I’ve received at least a half dozen of these in the past week. Every time, the link is disabled so you actually have to copy and paste the url into safari. In fact the scammers even helpfully include instructions for someone to scam themselves in the text message. Here’s one of the most recent ones:
> (Please reply Y, then exit the text message, reopen the text message activation link, or copy the link to Safari browser to open it, and get the latest logistics status) Once your verification is completed, we will arrange delivery again within 24 hours. Have a great day from the USPS team!
1. The prime target list is people with crypto accounts. You can steal from them much more easily than the real banking system. The guys who got Mark Cuban must have been super pumped until they only got 40 grand.
2. Remote Teams of thieves who scam remote people over the phone tend to be morally lax enough to steal from their teammates and so the teams only last a few weeks. Which is weirdly opposite to the advice for bankers which is crimes occur less when WFH
3. Why did I not get the domain “commandandcontrolserver.com” - that’s cool!
4. This is so easy to fall for. But it’s fairly hard to steal “real” money, and honestly we should pressure banks to make it even harder - something along the lines of “want a loan, visit a branch in person” and similar fraud reduction choices. Criminals are showing us the way - they target easy to steal / easy to get away crypto - so run in the opposite direction
Have any data to suggest that these 'crypto' attacks are within two orders of magnitude of that?
This particular scam is targeting crypto users, for sure, but to some extent that's a "who has money" proxy. Other scamming groups do things like use property records merged with personal information leaks to target people who own expensive real-estate.
I don't intend to argue that a bunch of crypto stuff and practices aren't gravely insecure, but if you think you're going to be safe by not using it... you're just wrong. And good practices, e.g. with Bitcoin, may be significantly more secure against these kinds of remote scammers than a bank account is.
I think a better lesson is that any inbound communication is a danger and should be avoided when possible and treated with great scrutiny otherwise.
Is that something only taught in those lame corporate security training videos?
Phishing over styrofoam cups connected by thread: styshing.
Phishing over carrier pigeons: poopshing.
Phishing over SNMP fault messages from a router: switshing.
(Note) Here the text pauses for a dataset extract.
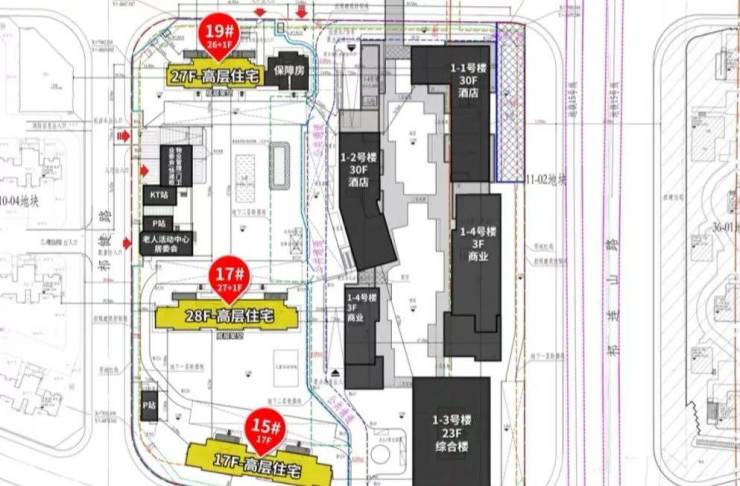 根据设计方案显示,该地块拟建3栋17-28F高层住宅、2栋30F酒店、1栋23F综合楼以及2栋3F商业;同时地块北侧设置有空中连廊,与北侧07-01地块万象系商业连通!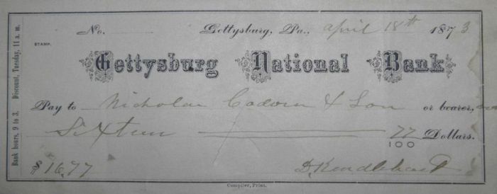 Ebay item: A check to Nicholas for $77. in 1873. |

Phishing over telegraph: morshing.
Phishing using smoke signals: smoshing.
Phishing using interpretive rhythmic movements and postures: danshing.
Phishing over apartment entry system: buzzhing.
Phishing future generations using malicious messages locked in a time vault: fyushing.
Phishing using a conventional rod, nylon line, bait and hooks: unironically, fishing.
... and other attacks you should watch out for!